A Portrait of Metropolitan Sergei of Moscow (Pavel Korin, 1937)
This study for A Farewell to Rus is of one of the most controversial figures in Russian Church history. Patriarch Sergei Nikolaevich Stagorodsky (1877-1944) is vilified by many in the Russian emigration; he is execrated as a toady of the Soviets and a traitor to the Church. I believe that this reaction is overblown. In fact, he was imprisoned twice by the Reds, in 1921, and again in 1926-27. In short, he did pay a price for his confession of faith. In 1927, he issued a declaration in favour of the Soviet government, but, one has to view this in perspective. This was done only after he had suffered imprisonment, not once, but, twice. I wonder how many of his critics in the West paid such a toll?

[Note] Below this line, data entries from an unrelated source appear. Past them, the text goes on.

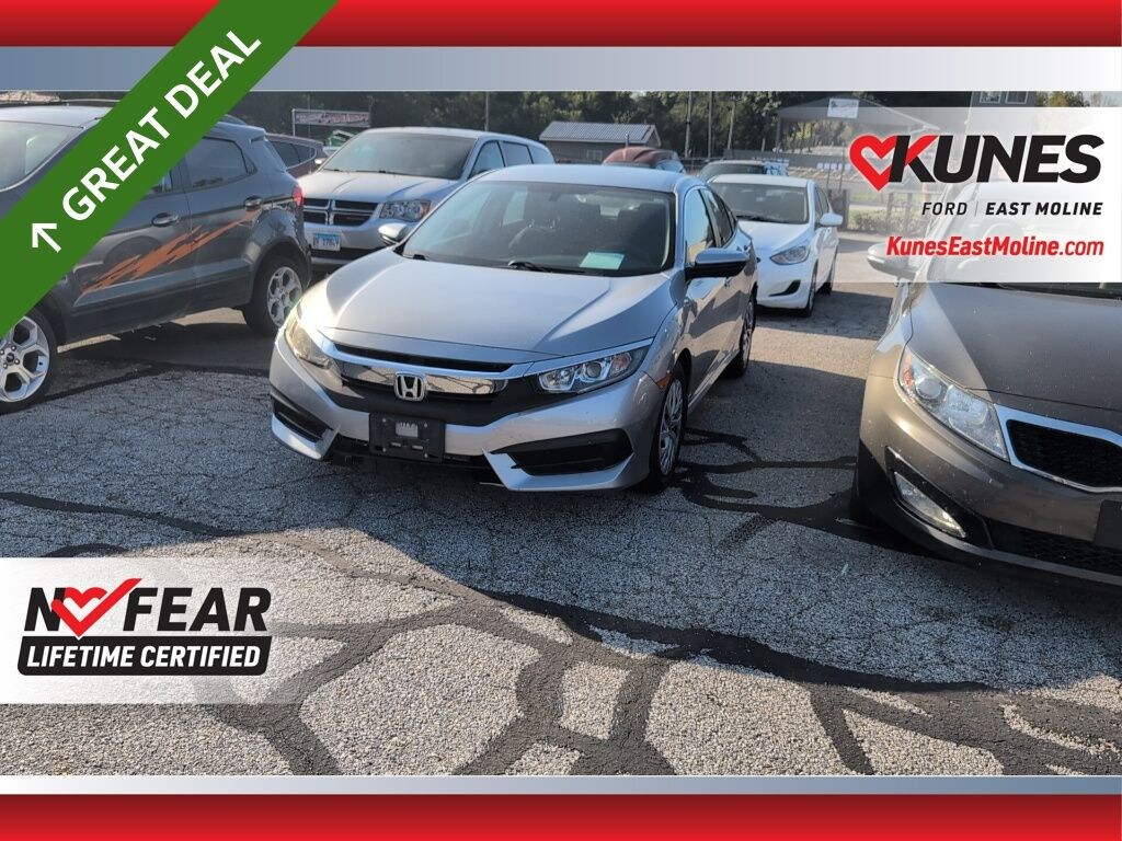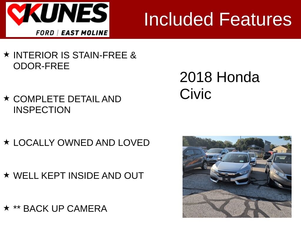 2018 Honda Civic LX Lunar Silver Metallic 2.0L I4 DOHC 16V i-VTEC INTERIOR IS STAIN-FREE & ODOR-FREE, COMPLETE DETAIL AND INSPECTION, LOCALLY OWNED AND LOVED, WELL KEPT INSIDE AND OUT, ** BACK UP CAMERA, Black Cloth. Odometer is 5046 miles below market average! 31/40 City/Highway MPG
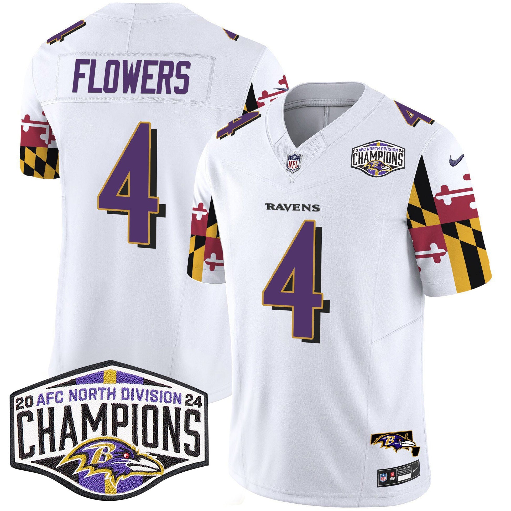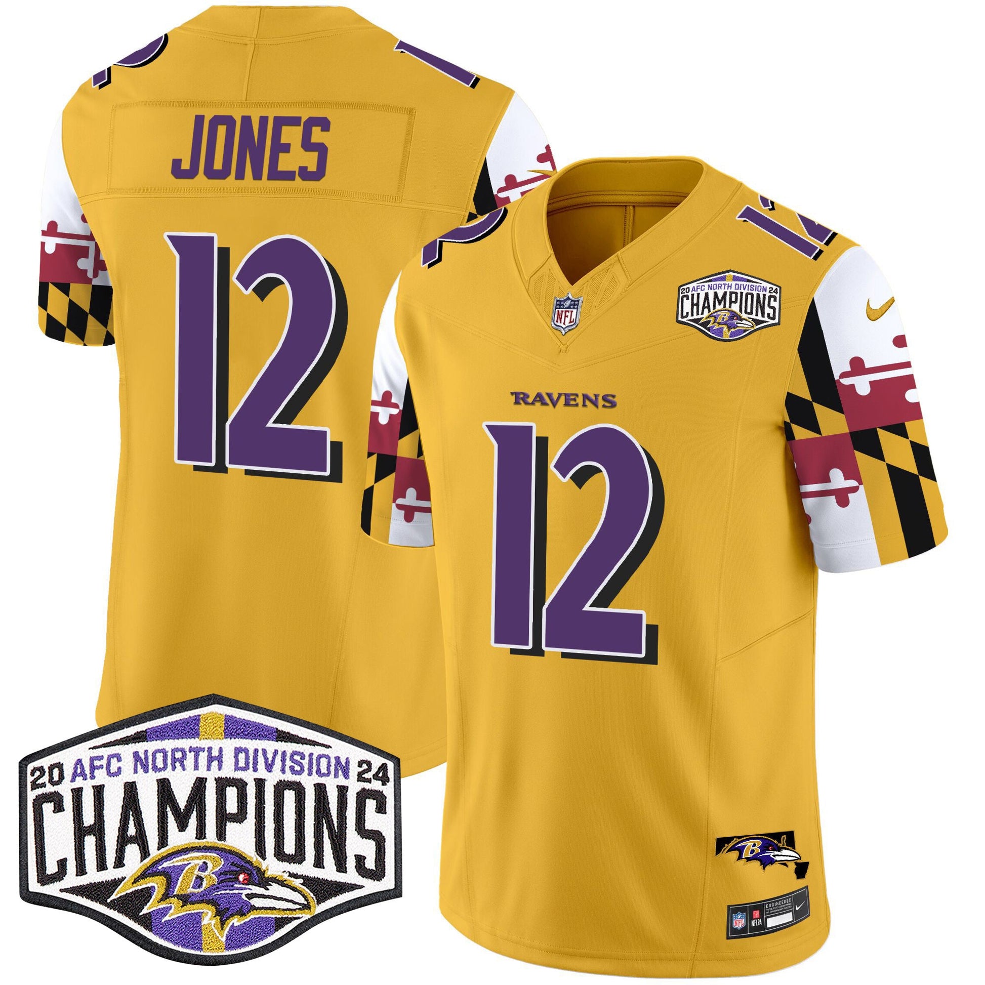 Ravens Maryland Flag 2024 AFC North Division Champions Patch Vapor Limited Jersey - All Stitched
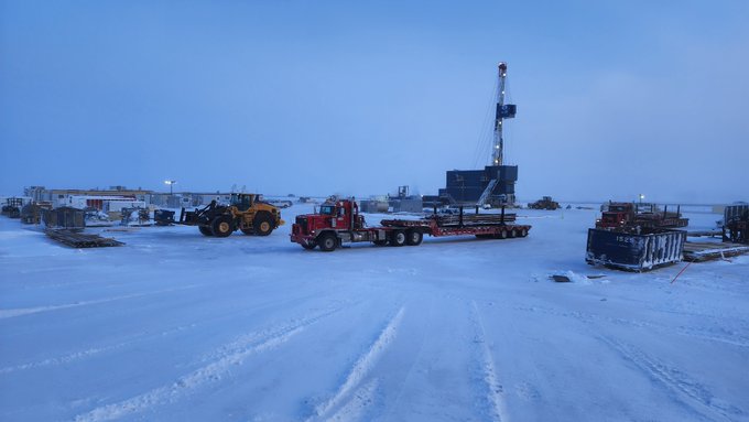 Das Sat-Bild unten zeigt ebenfalls einen Flare unten links. Ich bin mir nicht sicher, was der helle Fleck an der Zufahrtsstraße direkt unter dem kleinen schwarzen Kreis ist, aber der Fackelkamin würde aus Sicherheitsgründen niemals dort platziert werden. Die Durchflussleitungen vom BOP würden aus Sicherheitsgründen in einer geraden Linie verlaufen und von der Vorderseite der Bohranlage aus sichtbar sein. |
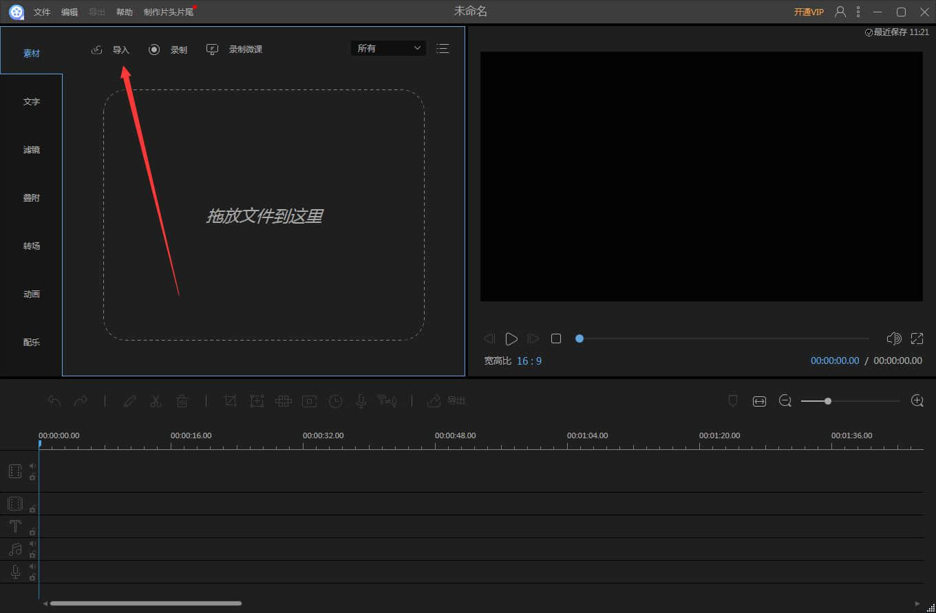 进入软件后,选择合适的宽高比,然后点击顶部的“导入”选项导入带字幕的文件,将文件拖到底部的时间轴上,让用户在播放窗口查看整体播放效果,然后开始添加所需字幕。
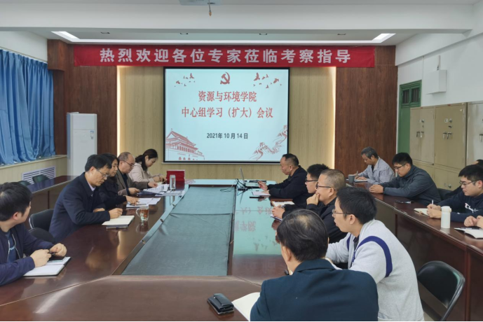 10月14日下午,资源与环境学院在实验楼E307会议室召开中心组学习(扩大)会议。学院党政领导、专职辅导员及全体2021级班主任参加会议。会议由院党委书记高扬帆主持。
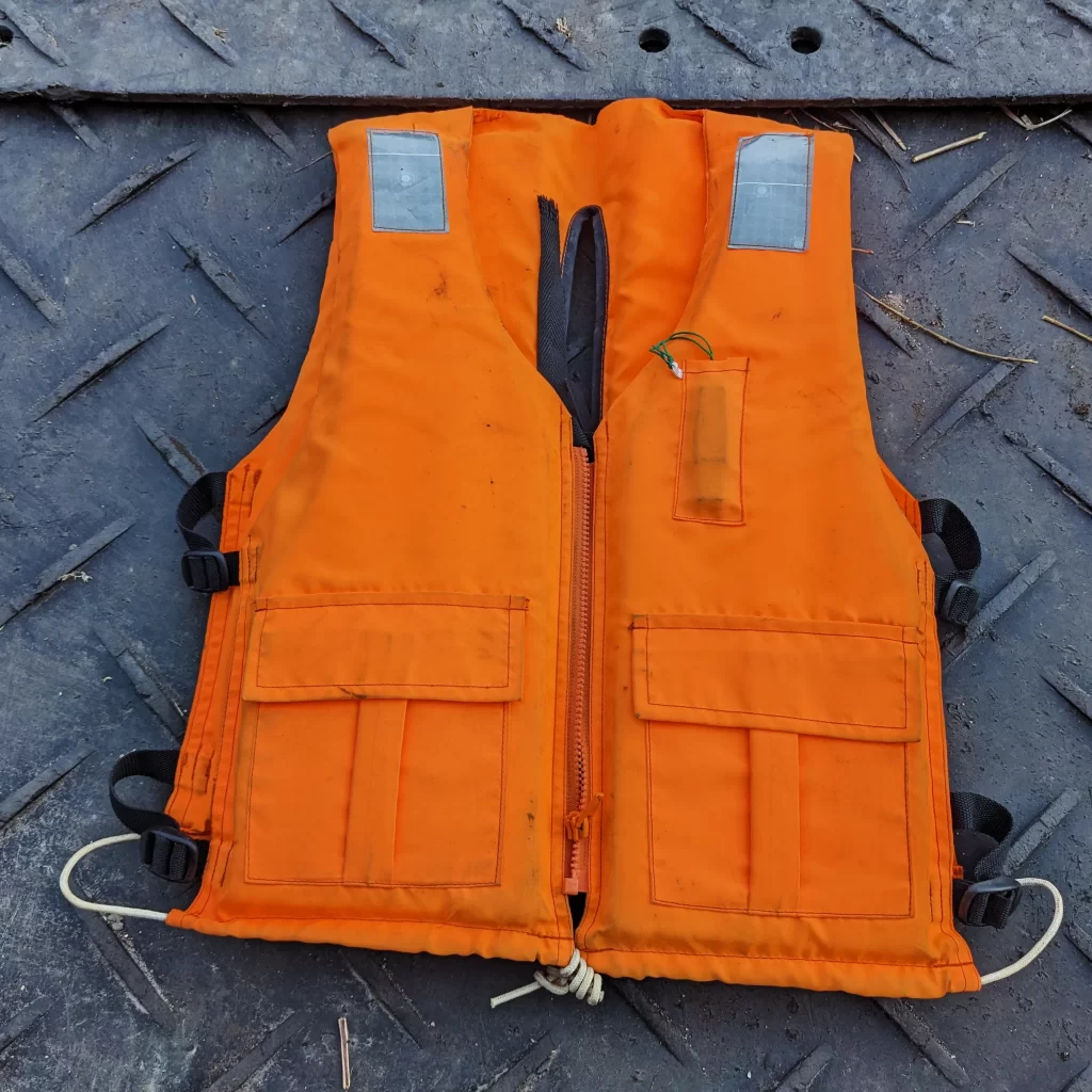 今回は水深はそこまでないんだけど水上足場ということで、ライフジャケットを着用して作業してます。寒いときはまだいいけどかさ張るから作業しにくくてあんまり着たくないんですよね。。
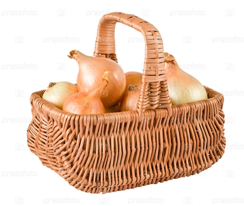 Свежий лук в плетеной корзине. Изолированный, на белом фоне
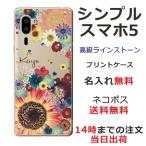 シンプルスマホ5 ケース A001SH ラインストーン かわいい フラワー 花柄 らふら 名入れ 押し花風 フラワーアレンジ カラフル
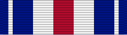 The Silver Star Medal is a gold five-pointed star, 1+1⁄2 inches (38 mm) in circumscribing diameter with a laurel wreath encircling rays from the center and a 3⁄16 inch (4.8 mm) diameter silver star superimposed in the center. The pendant is suspended from a rectangular shaped metal loop with rounded corners. The reverse has the inscription FOR GALLANTRY IN ACTION. The ribbon is 1+3⁄8 inches (35 mm) wide and consists of the following stripes: 7⁄32 inch (5.6 mm) Old Glory red (center stripe); proceeding outward in pairs 7⁄32 inch (5.6 mm) white; 7⁄32 inch (5.6 mm) ultramarine blue; 3⁄64 inch (1.2 mm) white; and 3⁄32 inch (2.4 mm) ultramarine blue.
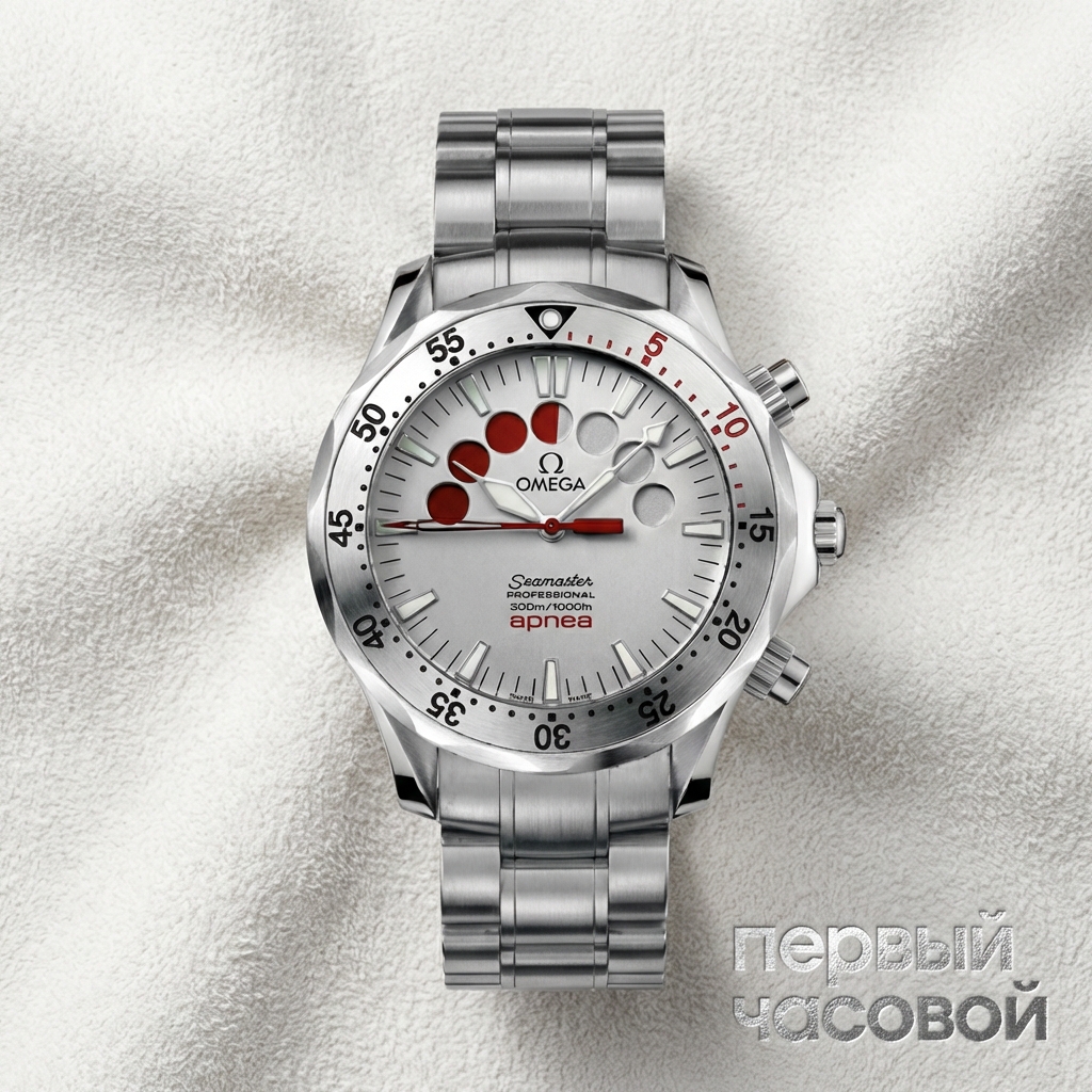 Это, пожалуй, самый нестандартный Seamaster, который можно найти на вторичке. Модель Apnea, сделанная под Жака Майоля, интересна тем, что здесь убрали все лишнее и добавили функцию, которая в реальной жизни никому, кроме ныряльщиков, не нужна, но выглядит это чертовски эффектно. Семь кружков, меняющих цвет, превращают циферблат в приборную панель. С точки зрения механики, калибр 3601 — это надежный трактор с модульной надстройкой, обслуживание которого не разорит, но потребует грамотного мастера.

He was desperately trying to save a remnant of the Church from the ravening and relentless atheist onslaught of the time. Indeed, that is why his hometown of Arzamas is erecting a memorial to his memory. In fact, one of the most prominent ROCOR bishops (I believe that it was Vitaly Maksimenko, but, I stand under correction in this) wrote that we should “honour the great podvig of Metropolitan Sergius”.
I say that any of us who did not face the ferocious situation that he did have no right to judge him. I know that there are those who shall not be satisfied until all the clergy of the MP kneel on shards of broken glass, beat themselves bloody with whips of barbed wire, and confess that the critics of Sergius in the West were not only completely in the right, but, that they are unfit human beings for having cooperated with the Soviets (Fr Alexander Lebedeff’s imagery in this is completely spot-on!). Such critics are completely off-base, and no decent Orthodox person should pay them any heed. I did not have my head in the lion’s jaws. I refuse to judge those who did. May God forgive all those who had to compromise in order to survive. They faced a terrible and implacable foe.